Sparse files are of course common features of other file systems, but their more demanding requirements mean that in many circumstances they’re little used. In a survey of my ~/Documents folder, of over 70,000 files only 22 were found to be sparse, with a total expanded size of nearly 8 GB. Calculate their sparsity ratios, equivalent to the data compression ratio of expanded size against size taken on disk, and few exceed 2.0. Some specialist files, particularly databases, far exceed that, but it’s unusual for these to cause problems even when copied to file systems which don’t support sparse formats.

Clones are much more common. Over 30% of the files, totalling 7 GB, in that same ~/Documents folder have at some time in the past been clones or cloned. But there’s no currently accessible way of determining how much that free lunch could eventually cost, as determining how much storage is allocated to more than one file is something confined to the file system, if APFS even knows. They’re an irresistable side-effect of the efficient implementation of copy-on-write in APFS: the principle of only writing out changed blocks makes this affordable on media whose life is limited by the number of times its blocks can be erased.

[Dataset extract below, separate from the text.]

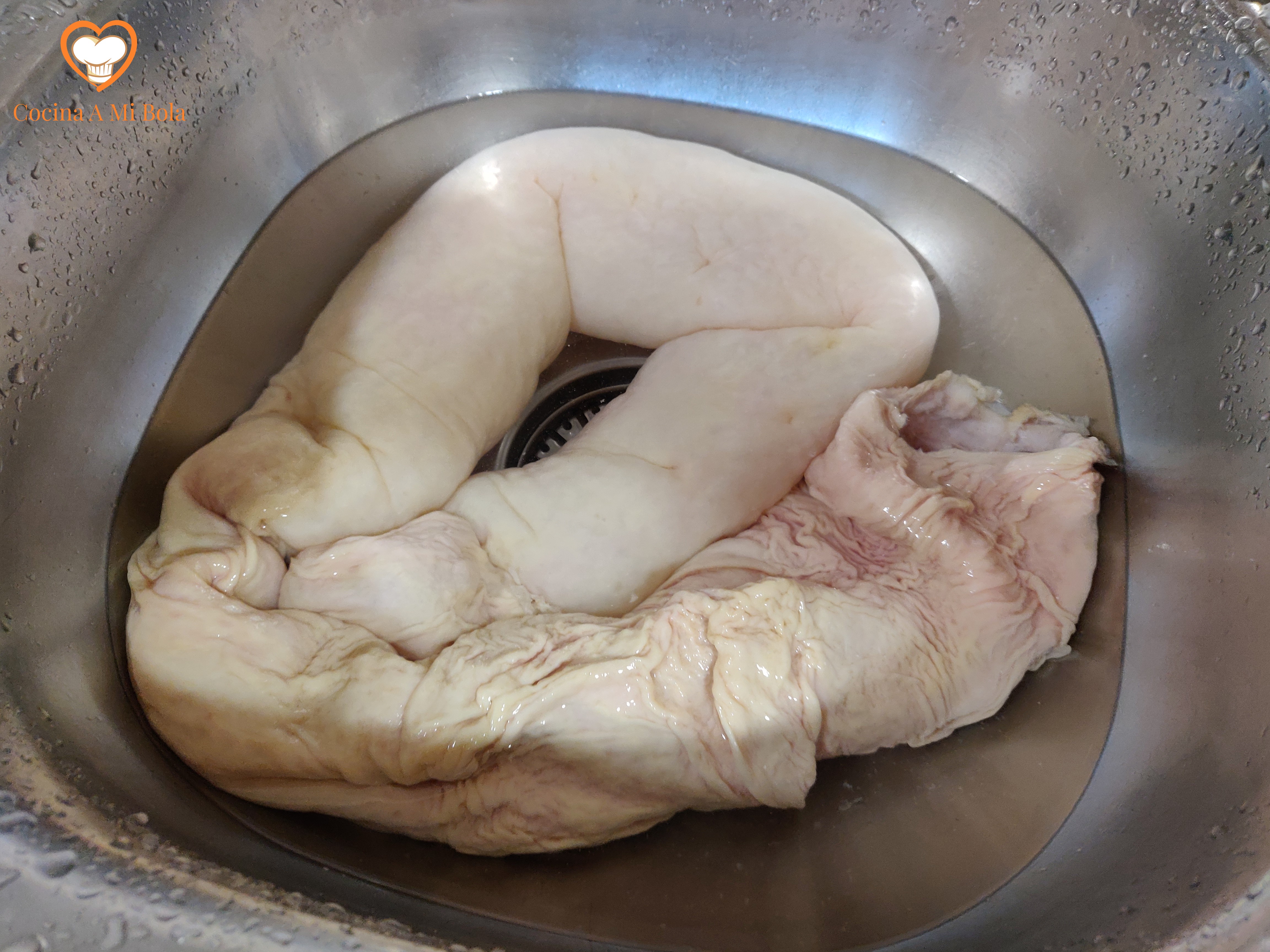 Sácala de su bolsa y lávala con agua tibia (no fría). Llénala y vacíala varias veces a base de cerrar un extremo y el otro, para eliminar la sal y para que se despeguen y se deshagan pliegues y dobleces. Notarás cómo poco a poco se va rehidratando, aumentando de tamaño y adoptando una textura lisa y suave al tacto, bastante resbaladiza. Llena el fregadero con agua tibia y déjala que termine de rehidratarse y dilatar durante unos 40 minutos aproximadamente, tras lo cual, vacía el agua y procura que se seque lo más posible en su interior, pero sin hacer nada especial que no sea abrir sus extremos y que circule el aire.

Because expansion of sparse files and clones to full size is controlled by the file system, the only safe course for apps, users and administrators is to budget according to their fully expanded size, rather than that occupied on disk. Trying to fill any disk to the currently unused space is sooner or later going to result in conflict, when additional space is required to add to a changed cloned file or a sparse file gaining more data.

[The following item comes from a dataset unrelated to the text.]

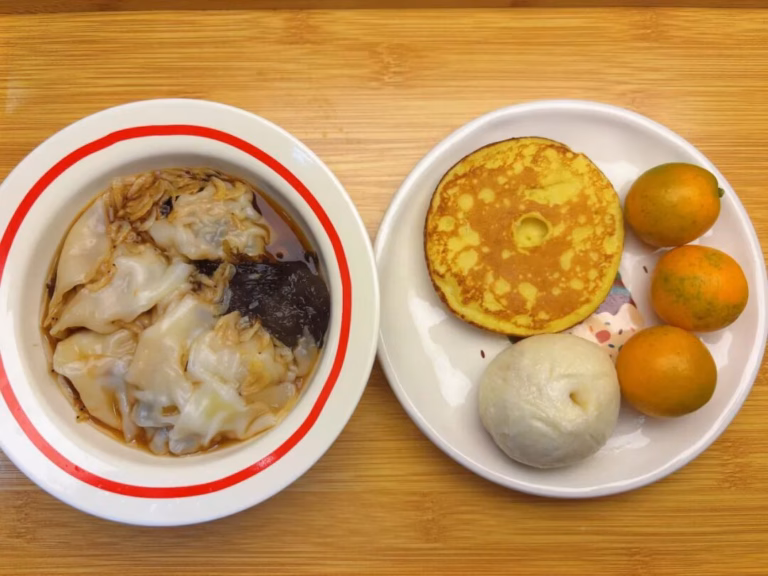 ✅10.紫菜虾滑馄饨+山药鸡蛋饼+小笼包+金桔

If freeing up storage doesn’t return any more usable free space, what are the real benefits then to sparse files and clones?

Apple identifies those in terms of efficiency:

  • “Clones let you make fast, power-efficient file copies on the same volume.”
  • “This behavior lets files that contain blank sections, such as disk images and database dumps, be saved on disk more efficiently.”

Cloning large files is an impressive sleight of file system. With just a few bytes being written to the file system, it looks like a whole new 100 GB file has been copied in an instant. It isn’t a real saving, of course, unless the copy functions like a hard link, and never changes. If either original or copy are changed much, this saving turns into a debt which is steadily repaid with every edit. There’s no debt incurred in speed, though, and most importantly it minimises the amount of storage which has to be erased, so reducing SSD wear and extending working life.

When used appropriately, sparse files are far more efficient in every respect. Because their savings aren’t tied to that specific volume but baked into the format, they can get away without ever repaying their debt on Macs which have abandoned file systems like HFS+. But for those users still backing up to or working with systems which don’t enjoy support, sparse files will bring shocks, such as a backup of what seemed like 2 GB which expands during copying to ten or even a hundred times that size. Those bugs need to be addressed.

The other hidden cost of both sparse files and clones is increasing complexity and user confusion. This hasn’t been helped by macOS’s recent history – since the arrival of APFS – of being unable to give a consistent and sensible account of free and used space on storage.

Just as the caravan designer can fold a 2.5 metre bed into a 2 metre trailer, you still can’t expand it to full size without making the trailer bigger. There’s always some cost to that lunch after all.